Fertilization, also called Synagmy, occurs following pollination, which is the movement of pollen from the stamen to the carpel. It encompasses both plasmogamy, the fusion of the protoplasts, and karyogamy, the fusion of the nuclei. When pollen lands on the stigma of the flower it begins creating a pollen tube which runs down through the style and into the ovary. After penetrating the centre-most part of the ovary it enters the egg apparatus and into one synergid. At this point the end of the pollen tube bursts and releases the two sperm cells, one of which makes its way to an egg, while also losing its cell membrane and much of its protoplasm. The sperm's nucleus then fuses with the egg's nucleus, resulting in the formation of a zygote, a diploid (two copies of each chromosome) cell.
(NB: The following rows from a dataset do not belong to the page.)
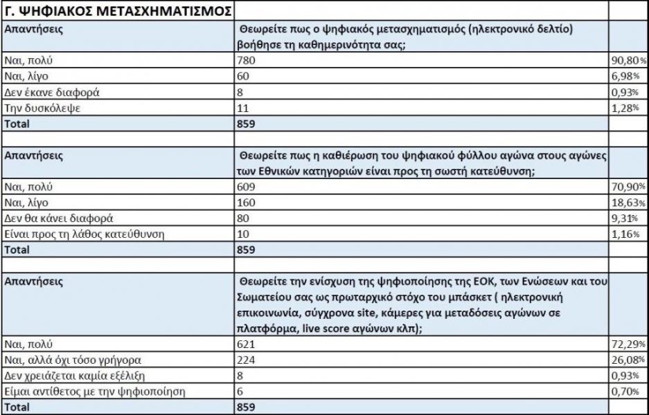 Ακριβώς ίδιο ποσοστό, 98% δηλαδή, απάντησε θετικά στο ερώτημα, «θεωρείτε πως ένας από τους πρωταρχικούς στόχους του μπάσκετ είναι η ενίσχυση της ψηφιοποίησης με ηλεκτρονική επικοινωνία, σύγχρονα site, κάμερες για δωρεάν live μεταδόσεις αγώνων, εφαρμογές live score αγώνων κλπ;».
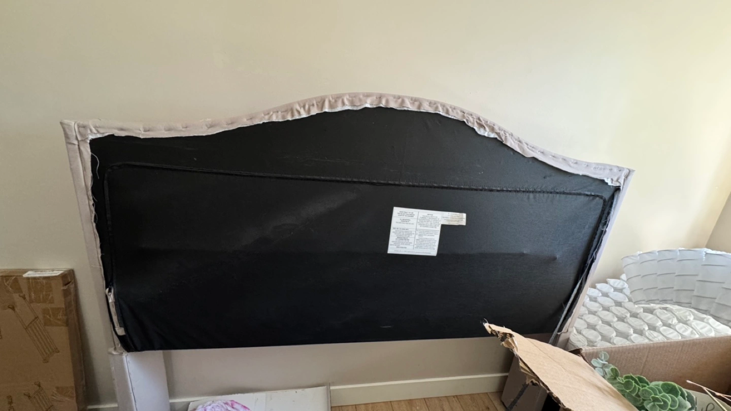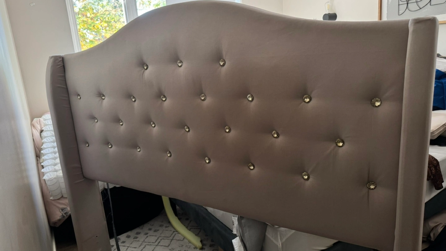 Queen-sized headboard with a curved top. It has a beige fabric covering with crystal-like buttons. The headboard is in good condition, with no tears or stains. It is easy to attach to a bed frame.
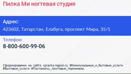 Пилка-Ми, ногтевая студия по адресу 423602, Татарстан, Елабуга, проспект Мира, 35/1 в дальнейшем Организация, размещена в следующих категориях:
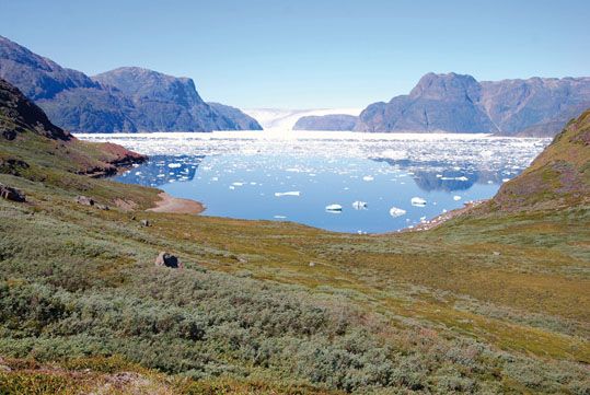 Debido a su gran extensión, Groenlandia ofrece fuertes variaciones climáticas, aunque las condiciones de la vida en la Isla, en su conjunto, están marcadas por la presencia del hielo interior y salvo en algunos valles del sur, el clima puede calificarse de ártico, la temperatura media del mes más cálido no supera los 10ºC

Whereas in fertilization only plasmogamy, or the fusion of the whole sex cells, results, in Angiosperms (flowering plants) a process known as double fertilization, which involves both karyogamy and plasmogamy, occurs. In double fertilization the second sperm cell subsequently also enters the synergid and fuses with the two polar nuclei of the central cell. Since all three nuclei are haploid, they result in a large endosperm nucleus which is triploid.
Following the formation of zygote it begins to grow through nuclear and cellular divisions, called mitosis, eventually becoming a small group of cells. One section of it becomes the embryo, while the other becomes the suspensor; a structure which forces the embryo into the endosperm and is later undetectable. Two small primordia also form at this time, that later become the cotyledon, which is used as an energy store. Plants which grow out one of these primordia are called monocotyledons, while those that grow out two are dicotyledons. The next stage is called the Torpedo stage and involves the growth of several key structures, including: the radicle (embryotic root), the epicotyl (embryotic stem), and the hypocotyl, (the root/shoot junction). In the final step vascular tissue develops around the seed.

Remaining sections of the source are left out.